Required secrets in .env.prod:

Terminal window
# Security (all required for production)
TAPPASS_ADMIN_API_KEY="tp_..." # python -c "import secrets; print('tp_' + secrets.token_urlsafe(32))"
TAPPASS_JWT_SECRET="..." # python -c "import secrets; print(secrets.token_urlsafe(48))"
TAPPASS_VAULT_KEY="..." # python -c "import secrets,base64; print(base64.b64encode(secrets.token_bytes(32)).decode())"
TAPPASS_TOKEN_KEY_FILE="tappass-token.pem" # openssl ecparam -genkey -name prime256v1 -noout -out tappass-token.pem
POSTGRES_PASSWORD="..." # python -c "import secrets; print(secrets.token_urlsafe(24))"
SPIRE_JOIN_TOKEN="..." # python -c "import secrets; print(secrets.token_urlsafe(32))"
# License
TAPPASS_LICENSE="..." # From license server
# LLM providers (at least one)
OPENAI_API_KEY="sk-..."
# ANTHROPIC_API_KEY="sk-ant-..."
# AZURE_API_KEY="..."
# AZURE_API_BASE="https://your-resource.openai.azure.com"
# LLM judge (for semantic analysis steps)
TAPPASS_LLM_JUDGE_MODEL="gpt-4o-mini"
# Tunnel (for external access)
TUNNEL_TOKEN="..." # From Cloudflare Zero Trust dashboard

Deploy:

Terminal window
docker compose --env-file .env.prod -f docker-compose.prod.yml up -d
# Wait for all services to be healthy
docker compose --env-file .env.prod -f docker-compose.prod.yml ps
# Register SPIRE workload entries (one-time)
docker compose --env-file .env.prod -f docker-compose.prod.yml exec spire-server \
bash /opt/spire/register-entries.sh
# Verify
curl -s http://localhost:9620/health | python3 -m json.tool

Expected health response:

{
"status": "healthy",
"version": "0.5.0",
"storage": "local",
"license": {"org": "Client Corp", "tier": "enterprise", "expires": "2027-01-01"}
}
Terminal window
pip install tappass
tappass up --license <key>

Interactive wizard walks through:

  1. License validation
  2. Storage selection (memory / local PostgreSQL / Supabase)
  3. Secret generation
  4. Server start

For a completely fresh Ubuntu 24.04 server, use the bootstrap script:

Terminal window
sudo ./deploy/bootstrap.sh

This installs everything: Docker, clones the repo, sets up systemd services, configures Cloudflare tunnels, installs MkDocs for docs, and creates the deploy user (gebruiker).

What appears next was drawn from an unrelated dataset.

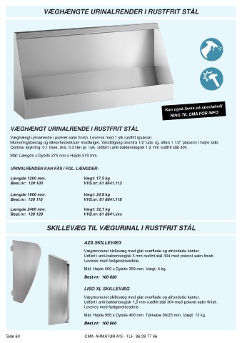 VÆGHÆNGTE URINALRENDER I RUSTFRIT STÅL

Option 1: Cloudflare Tunnel (recommended)

Already included in the Docker Compose stack. Set TUNNEL_TOKEN and configure the tunnel’s public hostname in Cloudflare Zero Trust dashboard to point to http://tappass:9620.

Option 2: Caddy (self-hosted TLS)

Terminal window
# Caddyfile included in deploy/
caddy run --config deploy/Caddyfile

BackendConfigUse case
MemoryNo config neededDev/testing only. Data lost on restart.
Local PostgreSQLDATABASE_URL=postgresql:/...Self-hosted production.
SupabaseSUPABASE_URL + SUPABASE_KEYManaged PostgreSQL.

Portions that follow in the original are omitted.